• TASK OBJECTIVE
When you transcribe the entries, reproduce every character and exclude the images.

• PROVIDED MATERIAL
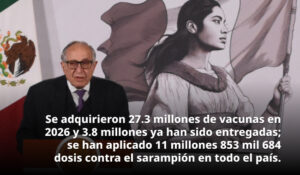 En 2026, el Gobierno de México adquirió 27.3 millones de vacunas, lo que garantiza el abasto necesario; de ellas, 3 millones 836 mil dosis ya han sido entregadas en lo que va del año.
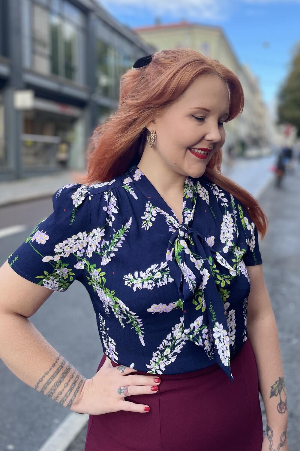 Tilfør litt vintage eleganse til antrekket ditt med denne vakre blusen. Printet er blåregnsplanten, og det har Weekend Doll tegnet selv. Se etter et lite hjerte i printet. Det er kjennetegnet til designer Yuriko.
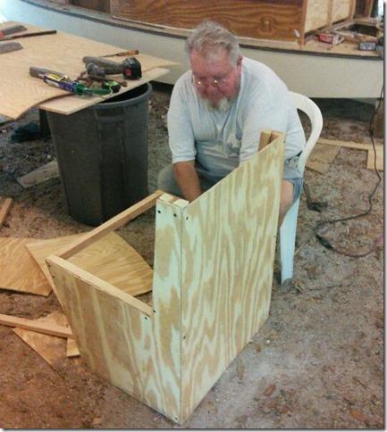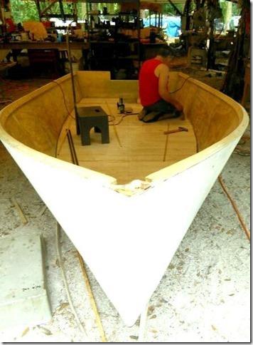 My new boat is coming along. Steve got me glassing in the floor or deck or whatever they call the things you walk on in boats.
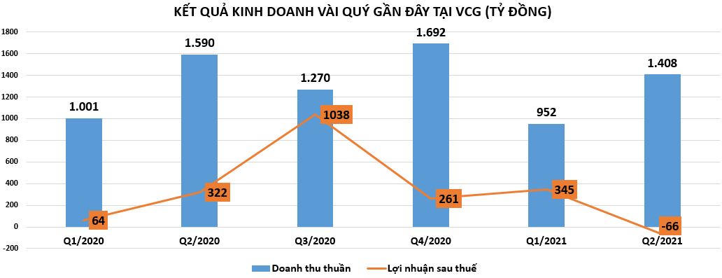 Do đó, lợi nhuận sau thuế tại VCG lỗ gần 66 tỷ đồng trong khi cùng kỳ năm trước lãi hơn 349 tỷ đồng.
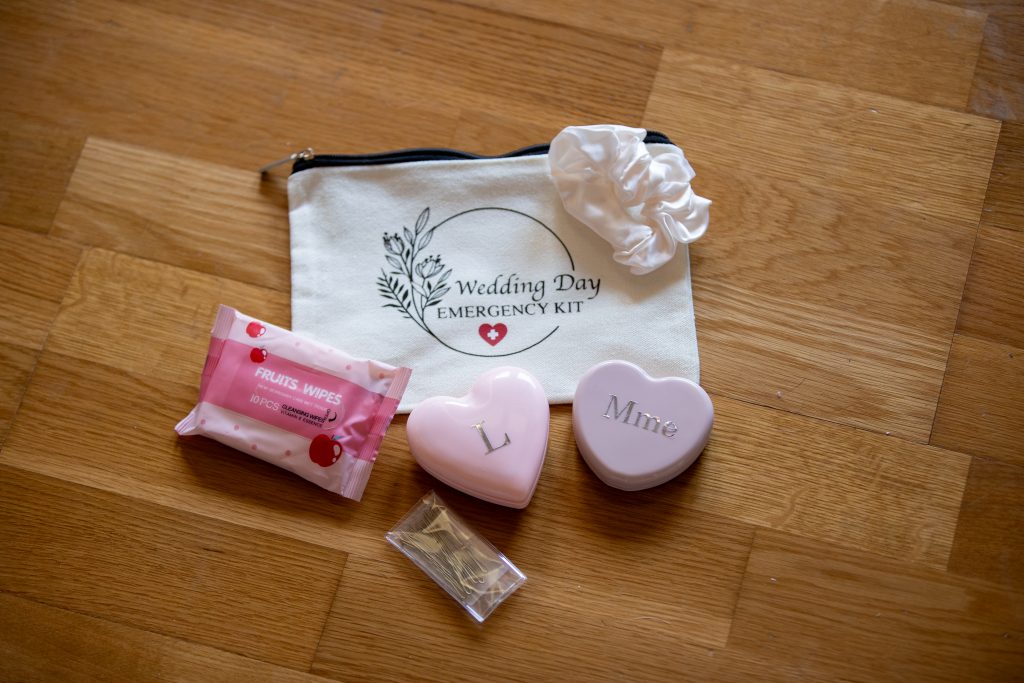 Découvrez notre pochette spéciale « kit d’urgence mariée », conçue pour que la reine de la journée soit prête à faire face à chaque petit imprévu. Ce kit contient :
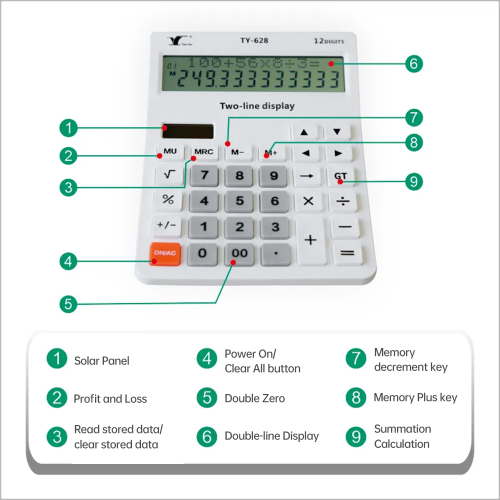 [MULTIFUNCTION CALCULATOR] The TY-628 is more than just a calculator. It features multiple functions such as recall calculation, percentage operation, memory subtraction key, and memory addition key. It's a versatile tool that caters to various mathematical needs.
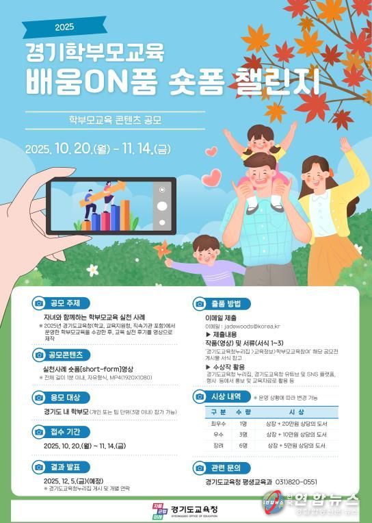 전국연합뉴스 기자 | 경기도교육청이 학부모의 교육 참여문화 확산과 가정의 배움 문화 조성을 위한 ‘2025 경기학부모교육 콘텐츠 공모전(배움 온(ON)품 숏폼 챌린지)’을 개최한다.

• SOLUTION TO THIS EXERCISE
 En 2026, el Gobierno de México adquirió 27.3 millones de vacunas, lo que garantiza el abasto necesario; de ellas, 3 millones 836 mil dosis ya han sido entregadas en lo que va del año.
 Tilfør litt vintage eleganse til antrekket ditt med denne vakre blusen. Printet er blåregnsplanten, og det har Weekend Doll tegnet selv. Se etter et lite hjerte i printet. Det er kjennetegnet til designer Yuriko.
 My new boat is coming along. Steve got me glassing in the floor or deck or whatever they call the things you walk on in boats.
 Do đó, lợi nhuận sau thuế tại VCG lỗ gần 66 tỷ đồng trong khi cùng kỳ năm trước lãi hơn 349 tỷ đồng.
 Découvrez notre pochette spéciale « kit d’urgence mariée », conçue pour que la reine de la journée soit prête à faire face à chaque petit imprévu. Ce kit contient :
 [MULTIFUNCTION CALCULATOR] The TY-628 is more than just a calculator. It features multiple functions such as recall calculation, percentage operation, memory subtraction key, and memory addition key. It's a versatile tool that caters to various mathematical needs.
 전국연합뉴스 기자 | 경기도교육청이 학부모의 교육 참여문화 확산과 가정의 배움 문화 조성을 위한 ‘2025 경기학부모교육 콘텐츠 공모전(배움 온(ON)품 숏폼 챌린지)’을 개최한다.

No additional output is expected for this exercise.